- Born: 6 April 1989
- Died: 5 January 2023 (aged 33) Ciudad Juárez, Mexico
- Occupations: Criminal Car dealer
- Criminal charges: Kidnapping

= Ernesto Alfredo Piñón de la Cruz =

Mexican criminal (1989–2023)

Ernesto Alfredo Piñón de la Cruz, also known as El Neto, (6 April 1989 – 5 January 2023) was a Mexican criminal known for his leadership over Los Mexicles, a street gang based in Ciudad Juárez and allied with the Sinaloa Cartel.

==Biography==
El Neto was born on 6 April 1989 and started his criminal career before he reached adulthood. In 2009, authorities in the Mexican state of Chihuahua arrested him in connection with 30 kidnappings, including a judge. On 14 December 2010, he was sentenced to 224 years in prison.

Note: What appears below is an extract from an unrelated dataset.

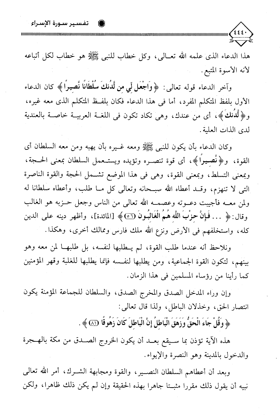 وكان الدعاء بأن يكون للنبي - صلى الله عليه وسلم - ومعه غيره بأن يهبه ومن معه السلطان أي القوة، و (نَّصِيرًا)، أي قوة تنصره وتؤيده ويستعمل السلطان بمعنى الحجة، وبمعنى التسلط، وبمعنى القوة، وهي في هذا الموضع تشمل الحجة والقوة الناصرة التي لَا تنهزم، وقد أعطاه اللَّه سبحانه وتعالى كل ما طلب، وأعطاه سلطانا له ولمن معه فأجيبت دعوته وعصمه اللَّه تعالى من الناس وجعل حزبه هو الغالب وقال: (. . . فَإِنَّ حِزْبَ اللَّهِ هُمُ الْغَالِبُونَ)، وأظهر دينه على الدين كله، واستخلفهم في الأرض ونزع اللَّه ملك فارس وممالك أخرى، وهكذا.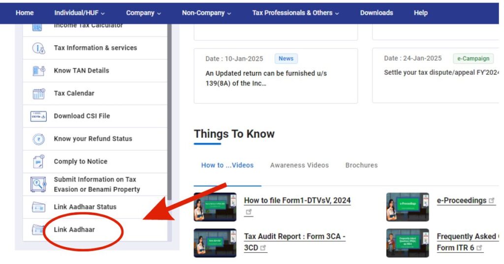 Go to the Income Tax e-Filing website. - Click on ‘Link Aadhar’

In 2020, El Neto replaced Jesús Eduardo "El Lalo" Soto Rodríguez as leader of Los Mexicles. On 1 January 2023, he escaped during the 2023 Ciudad Juárez prison attack alongside approximately 20 others. However, the second highest-ranking member of the gang, César “El Chilín” Vega Muñoz, was killed during the attack.

El Neto was killed in a shootout with police in Ciudad Juárez on 5 January 2023 at the age of 33, four days after his escape from prison.